The data should be written out in full, exactly as it stands, and the pictures dropped.

> [The data]
------------------------------------------------------------
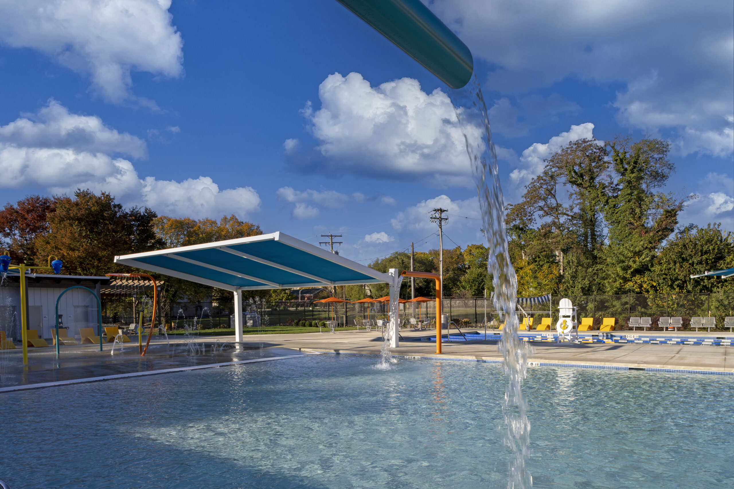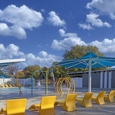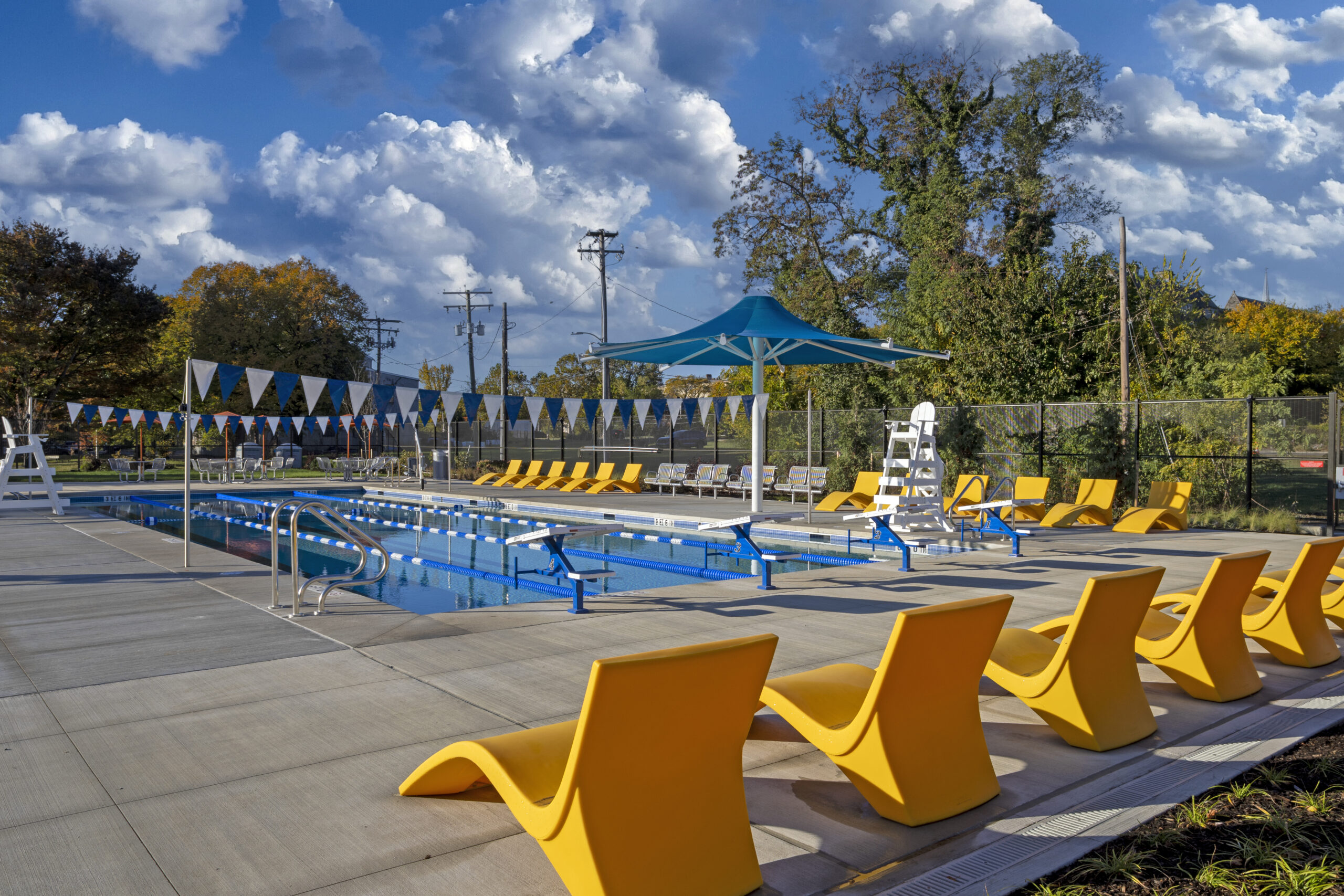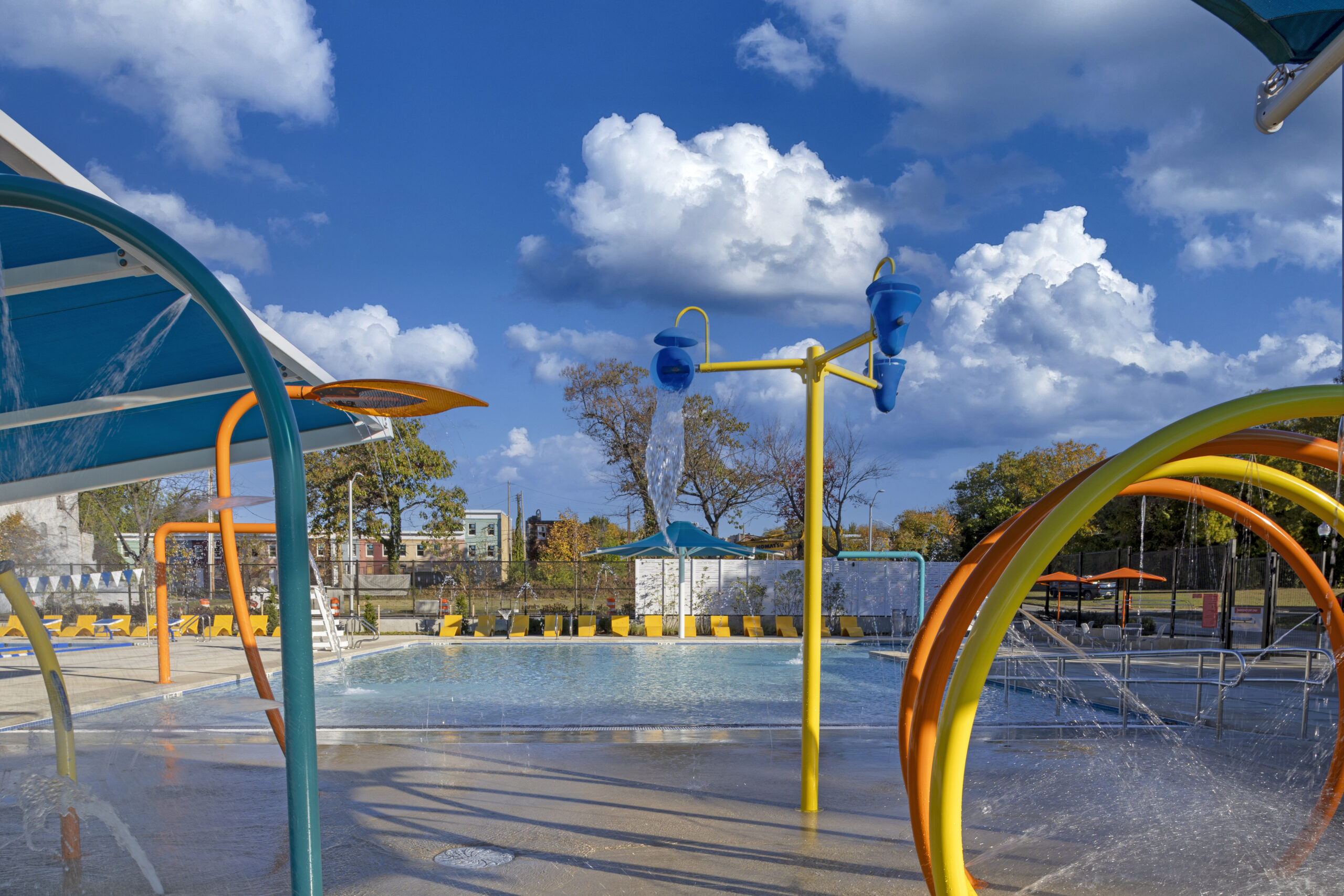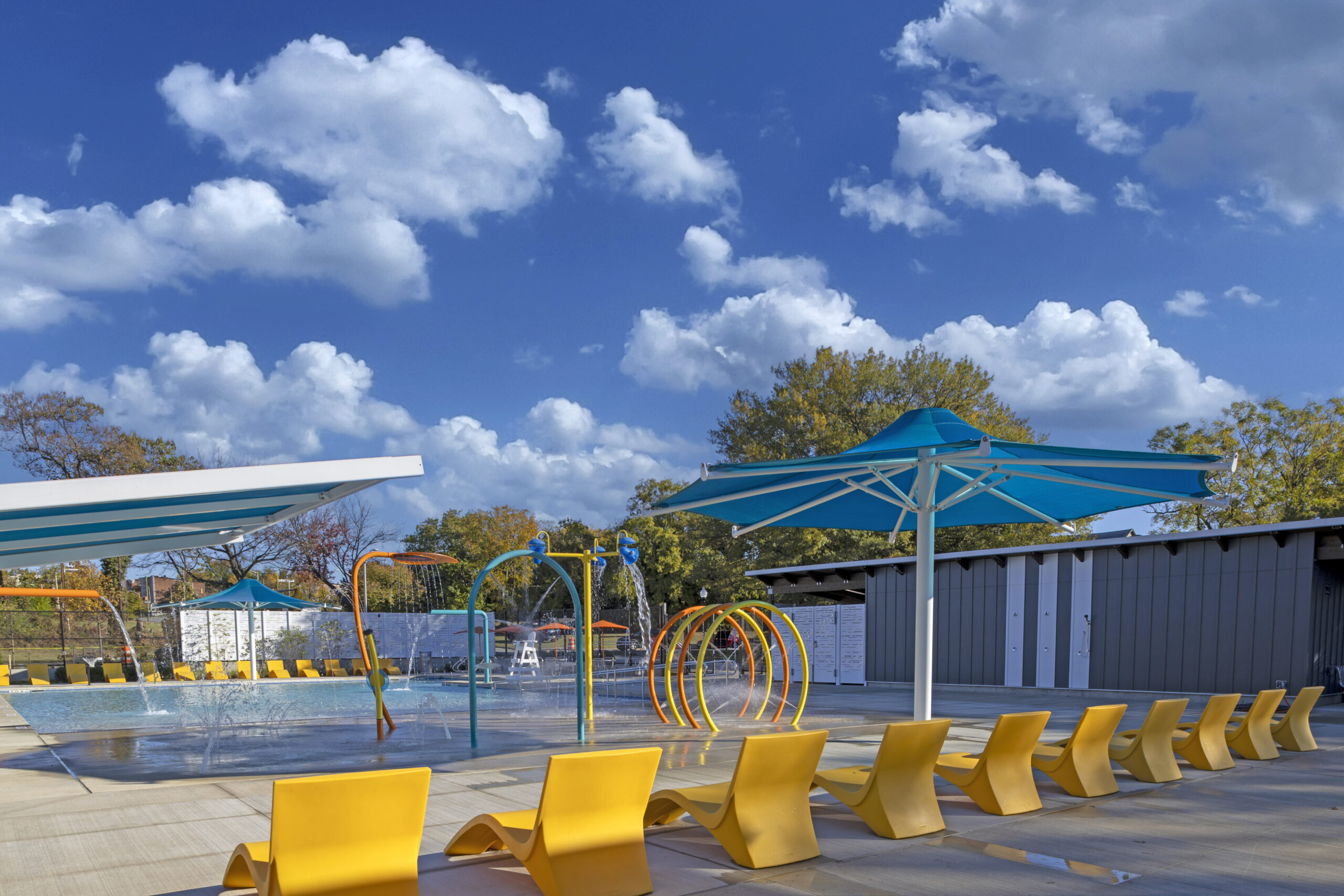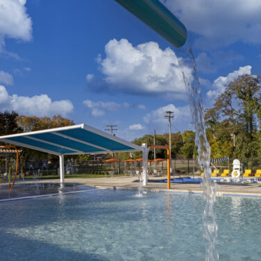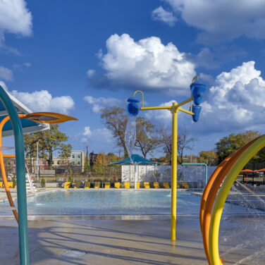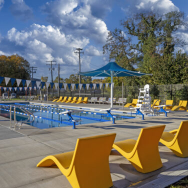 Project Description: Greater Model Aquatic Center in Baltimore’s southwest Poppleton neighborhood is a vibrant new aquatic center featuring a six-lane lap pool, a family pool with beach entry, and a splash pad with eight interactive spray features. The project included demolition of the old pools and construction of a bathhouse with four private restrooms, a pool office, and a pumphouse to support smooth operations. Expansive pool decks with lounge chairs, tables, shade structures, and ornamental fencing create a safe and inviting environment, while an outdoor mister area adds extra fun and cooling for the whole community.
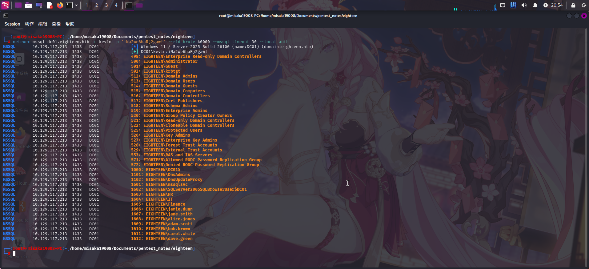 netexec mssql dc01.eighteen.htb -u kevin -p 'iNa2we6haRj2gaw!' --rid-brute 40000 --mssql-timeout 30 --local-auth
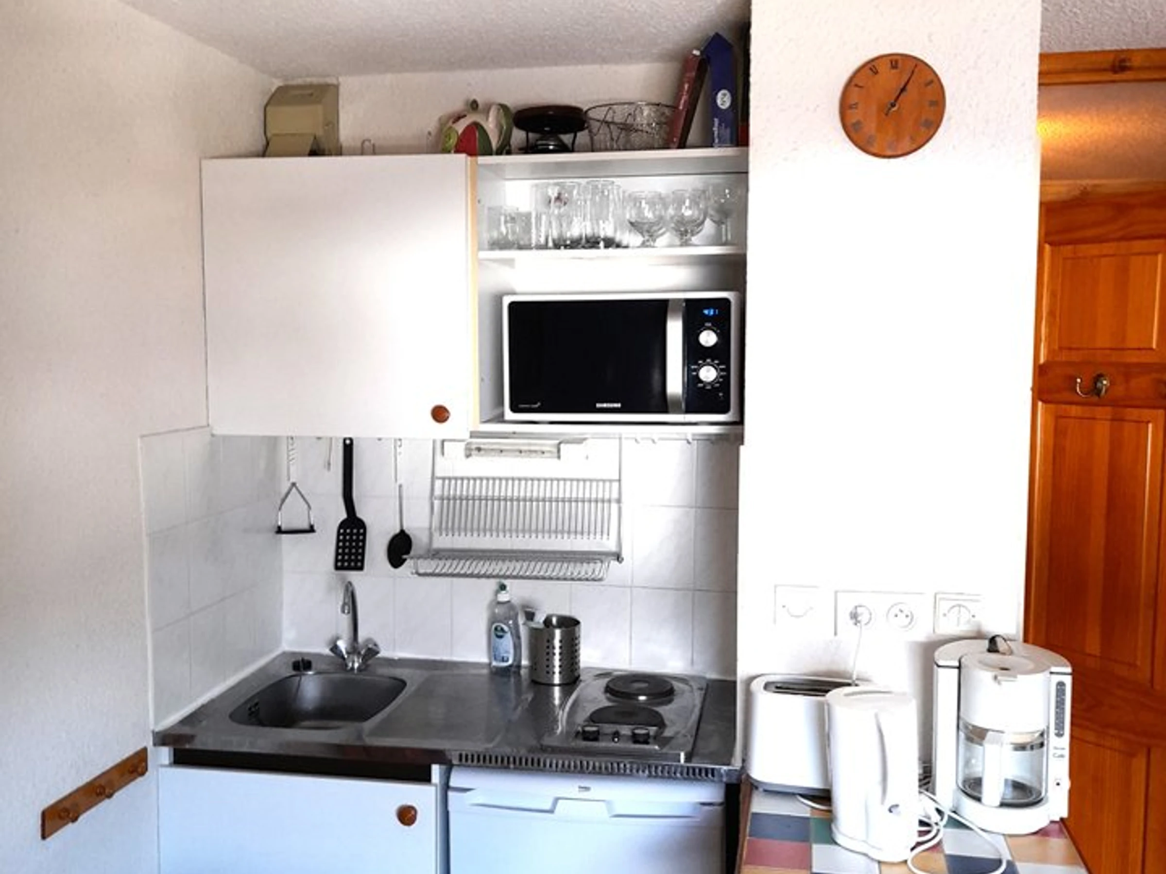 - une kitchenette équipée avec placards, 2 plaques électriques, mini four, réfrigérateur et micro-ondes.
------------------------------------------------------------
> [Exercise solution]
 Project Description: Greater Model Aquatic Center in Baltimore’s southwest Poppleton neighborhood is a vibrant new aquatic center featuring a six-lane lap pool, a family pool with beach entry, and a splash pad with eight interactive spray features. The project included demolition of the old pools and construction of a bathhouse with four private restrooms, a pool office, and a pumphouse to support smooth operations. Expansive pool decks with lounge chairs, tables, shade structures, and ornamental fencing create a safe and inviting environment, while an outdoor mister area adds extra fun and cooling for the whole community.
 netexec mssql dc01.eighteen.htb -u kevin -p 'iNa2we6haRj2gaw!' --rid-brute 40000 --mssql-timeout 30 --local-auth
 - une kitchenette équipée avec placards, 2 plaques électriques, mini four, réfrigérateur et micro-ondes.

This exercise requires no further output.